Paytm CEO Vijay Shekhar Sharma’s views on in flight branding

Vijay Shekhar Sharma, founder and CEO, Paytm. Paytm has a customer base of over 100 million. What began as a recharge and bill payments platform is, today, a mobile wallet, an e-commerce destination and an aspiring payments bank.

At present, Paytm’s marketplace boasts a GMV (gross merchandise value) of a little less than $300 million a month; Vijay is confident the number will touch half a billion dollars by the end of this calendar year.

Paytm’s marketing budget for 2016-17 is Rs 600 crore. Among Paytm’s investors are names like SAIF Partners and Alibaba’s Ant Financial.

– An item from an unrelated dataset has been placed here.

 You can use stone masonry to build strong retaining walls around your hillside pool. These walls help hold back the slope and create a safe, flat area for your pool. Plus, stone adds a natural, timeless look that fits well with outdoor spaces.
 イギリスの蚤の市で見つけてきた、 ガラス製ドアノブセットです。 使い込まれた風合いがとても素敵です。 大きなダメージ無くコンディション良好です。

Among many questions he answered one is given below:

Q. Are you as involved in the media buying side? What’s your approach to media like?

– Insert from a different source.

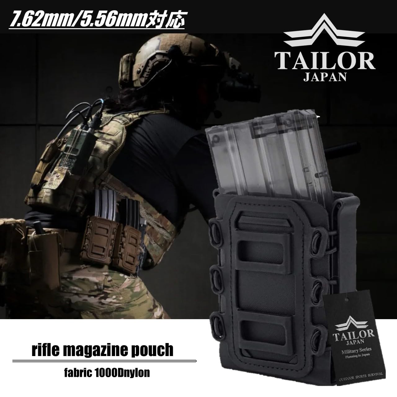 【TAILOR JAPAN】 ライフル マガジンポーチ サバゲー 電動ガン M4 AK48 オープントップ マグポーチ 多種の形状に対応 (ブラック)

To me, spending money on a media platform is like giving money to that platform, but not necessarily getting the returns you expect. There’s always a significant mismatch between the expectation and what actually gets delivered. We may spend money on a particular type of media, say OOH or TV, or on a particular TV channel, assuming our TG will look at it. But that’s an assumption. If the TG is not watching, our money is gone.

So we’re conservative about the way we choose our media properties. That’s why, instead of spending money on say, a newly launched TV channel, we’d rather experiment with something like, let’s say… aircraft branding. In fact, on Day One, Paytm was launched with in-aircraft branding, post which we did English radio branding. We experiment more than a traditional company would. These are tricky but critical branding decisions, because we want the brand to be visible to the correct person, the correct number of times.